Configuring remote access to a MySQL server is an essential step in setting up a distributed development environment for improved flexibility and performance. However, enabling remote connections to a central MySQL database requires careful attention to security and data protection.

With proper server settings, correct user permissions, and strong data encryption, you can create an efficient MySQL environment that promotes collaboration, improves team performance, and ensures data security. If you are wondering how to allow MySQL remote connections safely and efficiently, try dbForge Studio for MySQL — a comprehensive IDE for MySQL database development and management, where you can set up your MySQL server and clients to enable effective remote access to the database.

FAQ

What is the default port for MySQL remote access?

The default port for MySQL remote access is 3306.

How do I change the MySQL bind-address in Windows?

To change the MySQL bind-address, locate the my.ini file that contains the configuration settings of your MySQL server. Usually, it can be found in C:\Program Files\MySQL\MySQL Server XX\. Open the file and change the bind-address to allow remote connections.

Note that in MySQL versions 8.0 and higher, the server's default configuration enables remote connections from all IP addresses; therefore, bind-address settings may not be necessary.

What command grants remote privileges in MySQL?
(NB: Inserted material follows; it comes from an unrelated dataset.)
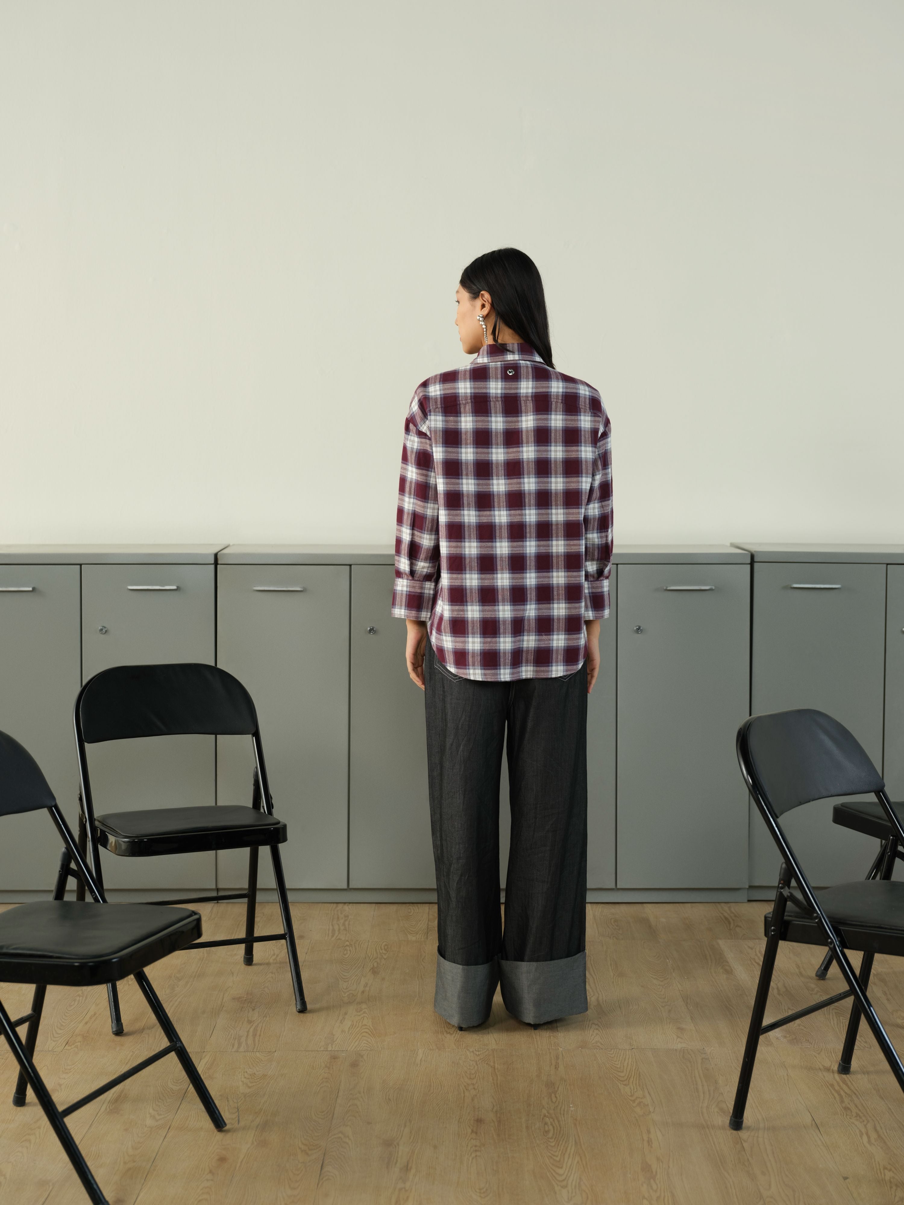 THIS RELAXED CHECK SHIRT PAIRS A DECORATED FRONT YOKE WITH A PLEATED HIGH–LOW HEM FOR A MODERN TWIST. DROP SHOULDERS AND BROAD-CUFFED SLEEVES ADD STRUCTURE TO THE OTHERWISE LAID-BACK SILHOUETTE.

To grant a user remote privileges to a MySQL server, use the following command:

GRANT ALL PRIVILEGES ON *.* TO 'root'@'%' IDENTIFIED BY 'password' WITH GRANT OPTION;
FLUSH PRIVILEGES;

Can I connect to MySQL using an IP instead of localhost?

Yes, you can connect to a MySQL server using an IP address if the server is configured to allow remote connections and the user account has the proper host permissions.

Does dbForge Studio require special permissions for remote access?

No, dbForge does not require special permissions for remote access. However, MySQL does require that both the server and the client are properly configured for remote connections.

Can I manage user privileges with dbForge Studio?

Yes, dbForge Studio for MySQL fully supports the management of user accounts and privileges via its Security Manager. Using this feature, you can create, edit, and delete MySQL users, grant or revoke privileges, and manage host access for each user.